Coincidentally, those four teams I would consider to be some of the best uniforms in MLB. There are a few other teams that warrant some mention for simplicity, like the Angels, Phillies, Cardinals and Rays, but they’re a little too simplistic, utilizing the same logo for both home and away jerseys. Come on, not every noob is going to automatically know where you guys are from!
Ultimately, what this boiling down to is the fact that every team is better than the Diamondbacks and Padres, when it comes to simplifying things and not being too excessive with their identity and obsessing over merch sales.
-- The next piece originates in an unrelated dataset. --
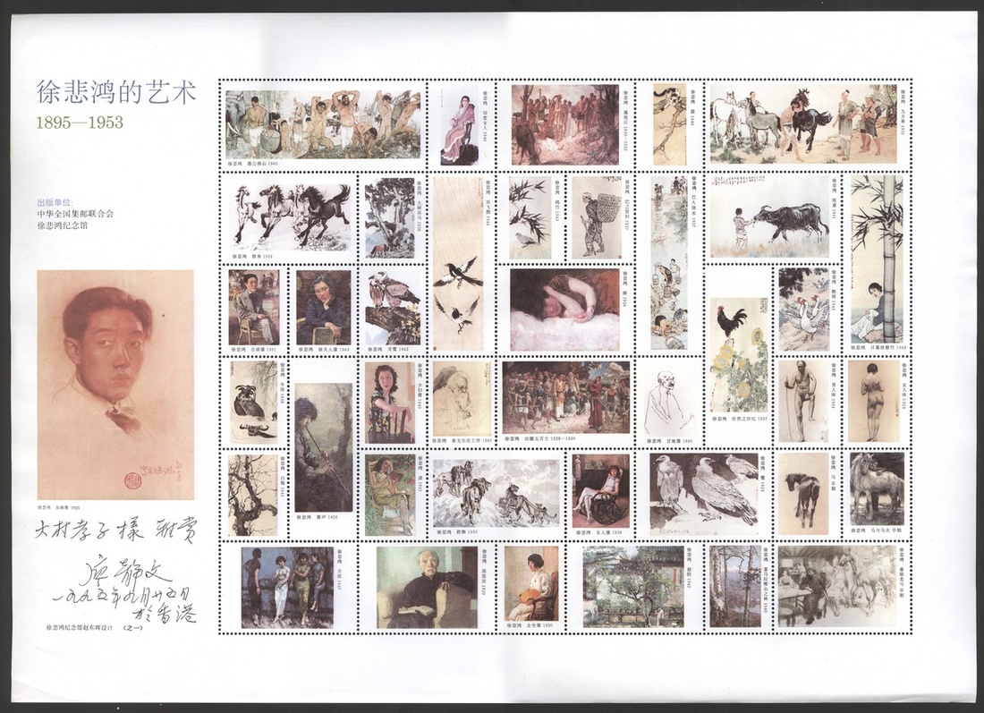 1995 Xu Beihong's Art 1895-1953 A commemorative art print, the lower left has the handwriting of Xu Beihong's widow, Liao Jingwen, signed and presented to a Japanese friend on September 25, 1995 in Hong Kong. Print size: 30x42cm

However, if you want the undisputed strongest brand, possibly in all of sports, it really might just be the New York Yankees, whom have basically never changed anything, almost ever. Home whites, road grays, the same cap for all games. I’m pretty sure they’re the only team in MLB without an alternate uniform, although they have busted out playing in practice duds in sparse occasions. The fact of the matter is that through consistency and simplicity, the Yankees, love them or hate them, have essentially reinforced themselves into one of, if not the, strongest identity in all of professional sport. The may not win the World Series every year, like they basically did at the turn of the 90s-00s, but they’re undoubtedly the best uniforms in baseball.